Fiji Television Limited is one of Fiji's main television networks. It was founded on 15 June 1994 as the first permanent commercial television broadcasting network in the country, although television had previously been introduced temporarily in October 1991 to broadcast the Rugby World Cup as well as the Cricket World Cup. This was reviewed and reissued in 2000 for a term of 12 years.

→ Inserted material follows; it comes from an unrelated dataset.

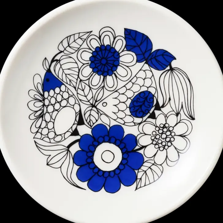 Sinisävyisen Pastoraali 10,5 Cm Lautasen Vehreässä Puutarhassa Piileskelee Pieniä Lintuja. Pieni Lautanen Sopii Välipaloille Tai Aluslautaseksi.
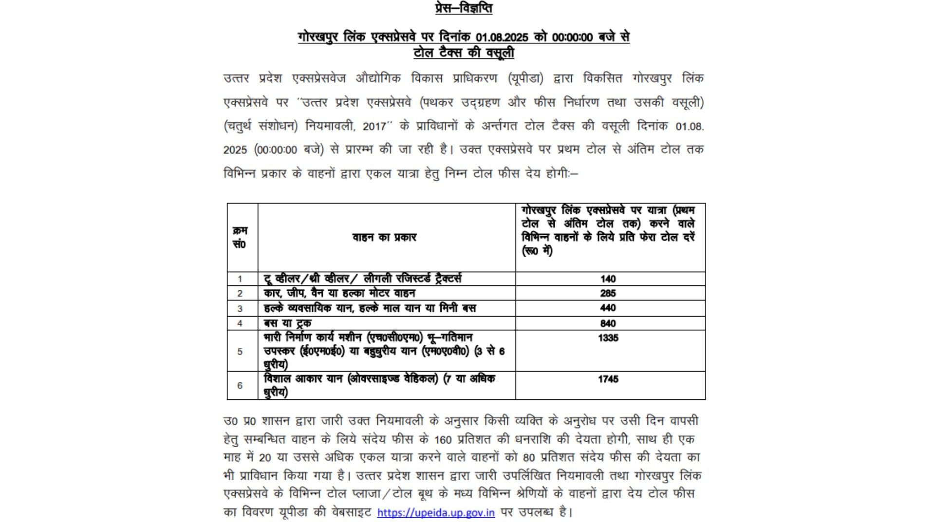 UP News: गोरखपुर लिंक एक्सप्रेसवे पर एक अगस्त से टोल टैक्स की वसूली शुरू हो जाएगी। इसके लिए दरों की सूची जारी कर दी गई है। एक्सप्रेस वे पर दोपहिया वाहनों पर भी प्रति फेरा 140 रुपये की दर से टैक्स लिया जाएगा। जारी की गई सूची के अनुसार गोरखपुर लिंक एक्सप्रेसवे पर टू व्हीलर/थ्री व्हीलर/लीगली रजिस्टर्ड ट्रैक्टर्स पर प्रति फेरा 140 रुपये की वसूली होगी। वहीं, कार, जीप, वैन या हल्के मोटर वाहन पर प्रति फेरा 285 रुपये चार्ज किया जाएगा।

Fiji TV was listed as a public company in 1996 on the Suva Stock Exchange, now known as the South Pacific Stock Exchange.

Fiji TV owns Fiji's premier free-to-view channel (FTA) Fiji One, and formerly the pay TV service, Sky Pacific, which was acquired by Digicel in 2016. Fiji TV also owned subsidiary company Media Niugini Limited, which operates Papua New Guinea's only commercial free-to-view channel, EM TV, but later sold it off to the Papua New Guinea Government-owned Telikom PNG Limited in 2016.

TVNZ sold its 5% share in December 1999.

Fiji TV's main shareholders are Fijian Holding Limited (FHL) Media Limited, Hari Punja and Sons Limited, FHL Trustees Limited, FHL Holdings Unit Trust, ITaukei Affairs Board, Capital Insurance Limited, and Fiji National Provident Fund.

Following the passage of the Media Industry Development Decree 2010 by the military regime, Hari Punja resigned from the board of Fiji Television. After the sale of Sky Pacific to Digicel, the company limited its operations to Fiji One, Sky Pacific and the then-upcoming Fiji Two, created for the Walesi platform.